Improve your engineering collaboration skills
Now that we can quickly pass through the code landscape, we can use all the information we’ve created whenever we have to give a status update or brainstorm an issue. If we always have the before and after picture pulled up and our bookmarks are ready to go, we can communicate much faster and save ourselves a lot of time and confusion.
Expert opinions and alternative solutions
Maybe you’ve had a tough time coming up with a performant SQL query that will return all the boundaries for your workload partitions. You can try to power through until you figure it out. But you might have a dedicated DRE team (or just someone who’s really into DBs) that has spent way more time finetuning query performance than you have.

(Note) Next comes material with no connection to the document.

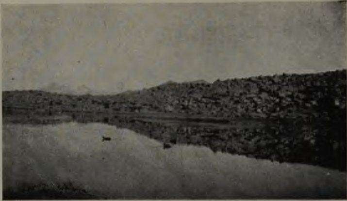
N.º 3.— Fulica gigantea en la laguna N. de Parinacota, al fondo se destaca el volcán Tahapaca.

It doesn’t take long to create a support ticket or schedule a Zoom call. There is no real downside to asking for help. If people are too busy, you will have spent 10 minutes getting better at synthesizing a problem statement. But if they respond, you’ll have access to expert advice and someone who you could consult about your current approach. You’d be surprised how inclined people are to help if you clearly describe a complicated problem.
The outcome of these discussions could inspire you to create alternative solutions in case you reach a dead end and who knows what new friendships you will also make in the process.
Conclusion
In the interest of compressing all this information into a one-session-read type of blog, we have abstracted away many details, but the strategy can be used in any real-life scenario. The example discussed is actually sort of similar to something we dealt with a while ago. So it’s just a matter of testing the approach and seeing if it works for you.
Planning your way to the finish line, setting yourself up for multiple code traversals, and going through the effort of collaborating with other people might seem like a lot of work when you could have been writing the code instead.
This might be true at the beginning. But with a bit of practice, these steps can become an intuitive part of writing good code that performs at scale and can actually be applied to other types of tasks as well.
Once you get the hang of it, you will find yourself with the extra time to explore better designs, foresee any challenges, and be more certain that you’ll be delivering a high-quality solution just in time for deployment.